How does the agent know the user has finished their sentence and is waiting for a response?

<Cards>
  <Card icon={<Activity />} title="VAD (Voice Activity)">
    **Fastest.** Detects silence. If the user stops making sound for X milliseconds (e.g., 500ms), the turn ends.
  </Card>

  <Card icon={<Mic />} title="Transcription">
    **Balanced.** Uses the STT provider to check for a grammatically complete sentence (Final Segment).
  </Card>

  <Card icon={<BrainCircuit />} title="LLM Decision">
    **Context Aware.** Sends the transcript to an LLM. It understands that a user saying *"I want..."* is not done, even if they pause for 2 seconds.
  </Card>

  <Card icon={<Cpu />} title="ML (Smart Turn)">
    **Experimental / High Fidelity.** Uses a specialized ML model to predict turn-end based on tone and prosody.
  </Card>
</Cards>

Deep Dive: ML Smart Turn (Pipecat) [#deep-dive-ml-smart-turn-pipecat]
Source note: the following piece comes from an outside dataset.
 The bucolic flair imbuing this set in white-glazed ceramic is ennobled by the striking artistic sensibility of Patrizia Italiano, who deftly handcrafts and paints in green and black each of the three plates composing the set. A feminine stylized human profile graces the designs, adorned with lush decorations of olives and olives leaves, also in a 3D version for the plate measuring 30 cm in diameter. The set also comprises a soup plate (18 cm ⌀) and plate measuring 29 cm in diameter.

This strategy uses the open-source **[Smart Turn](https://github.com/pipecat-ai/smart-turn)** model by Pipecat AI. It analyzes the raw audio stream to detect when a user has finished speaking based on intonation, not just silence.

<Callout type="warn" title="Current Limitations">
  While this is the "Gold Standard" for natural conversation, it is currently **Experimental**.
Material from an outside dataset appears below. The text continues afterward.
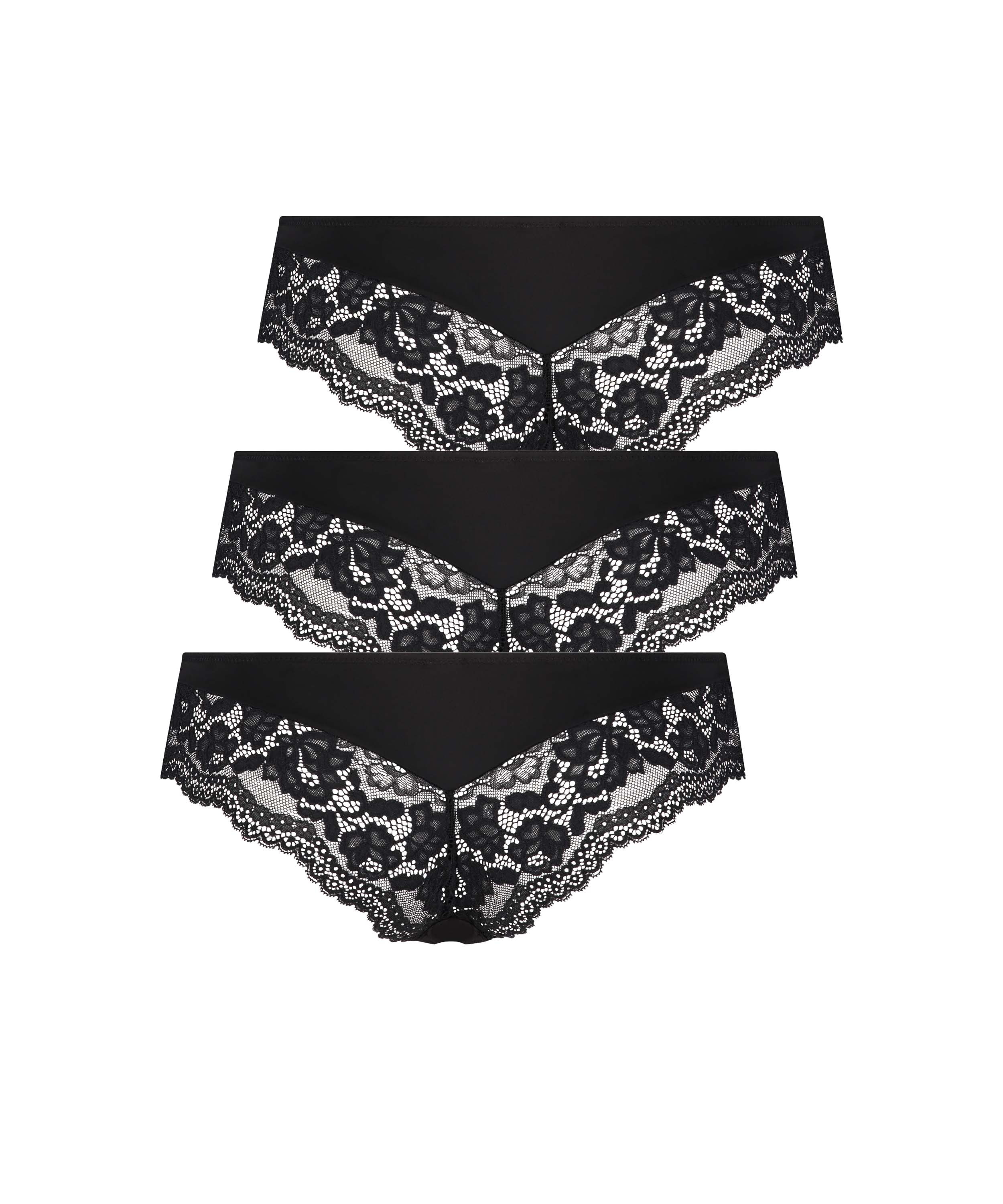 ¿Verdad que es bonita esta braguita brasileña? Tiene mucho encaje y un bonito lacito en la parte delantera. ¡Viene en práctico lote de 3 unidades!

  * **Numbers & Emails:** It may struggle to detect turn-end correctly when a user is reciting long number sequences or spelling emails.
  * **Language Support:** Check the [GitHub Repo](https://github.com/pipecat-ai/smart-turn) for the latest supported languages.
  * **Recommendation:** Use standard VAD for IVR/Data Collection bots. Use Smart Turn for conversational/support bots.
</Callout>

***

2. Interruption Handling (Barge-In) [#2-interruption-handling-barge-in]

**"Did you just interrupt me?"**

When the agent is speaking, and the user makes a sound, the agent must decide whether to stop or ignore it.

Pause Triggers [#pause-triggers]

How much "noise" triggers the agent to pause?

* **Pause via VAD:** Triggered by continuous sound duration (e.g., user speaks for 400ms). Best for low latency.
* **Pause via Word Count:** Triggered only after X words are transcribed. Prevents pausing for coughs or door slams.

AI Verification (False Positive Protection) [#ai-verification-false-positive-protection]

This feature prevents the agent from stopping due to "Backchanneling" (the user saying "Uh-huh", "Yes", or "Right" to show they are listening).

**How it works:**

1. User speaks > Agent **Pauses**.
2. The audio is transcribed and sent to a fast LLM.
3. **The Check:** The LLM compares the user's input against the Agent's current speech.
   * *Input:* "Wait, stop." > **Agent Stops** and handles the new query.
   * *Input:* "I see..." > **Agent Resumes** speaking exactly where it left off.

<Callout type="idea" title="Context Recovery">
  If the interruption was valid (Agent Stops), you can enable **"Include Interrupted Speech in Next Turn"**. This ensures that whatever the agent *didn't* get to say is fed back into the LLM context, so the logic isn't lost.
</Callout>

***

3. Turn-by-Turn Mode [#3-turn-by-turn-mode]

**Disable Interruptions**

For specific use cases (like taking a dictation, a formal interview, or legacy radio-style comms), you might want to disable interruptions entirely.

* **Behavior:** The agent will ignore all user audio until it has finished playing its current TTS response.
* **Use Case:** Highly disciplined workflows or environments with extreme background noise (Construction sites, Busy streets).

***

Future Vision: Dynamic Context Adaptation [#future-vision-dynamic-context-adaptation]

Currently, Interruption and Turn-End settings are **Static**—they apply globally to the Agent for the entire duration of the call.

However, we understand that conversation flow changes based on context.

* **Scenario A (Yes/No):** *"Do you want to proceed?"* > Requires short silence threshold (e.g., 400ms) for a snappy feel.
* **Scenario B (Data Entry):** *"Please spell your email address."* > Requires long silence threshold (e.g., 1500ms) because users pause while spelling.

We are actively developing **Context-Aware Turn Taking**. This will allow the Agent (or specific Script Nodes) to programmatically adjust the VAD sensitivity, silence duration, and interruption strategy mid-call based on the specific question being asked.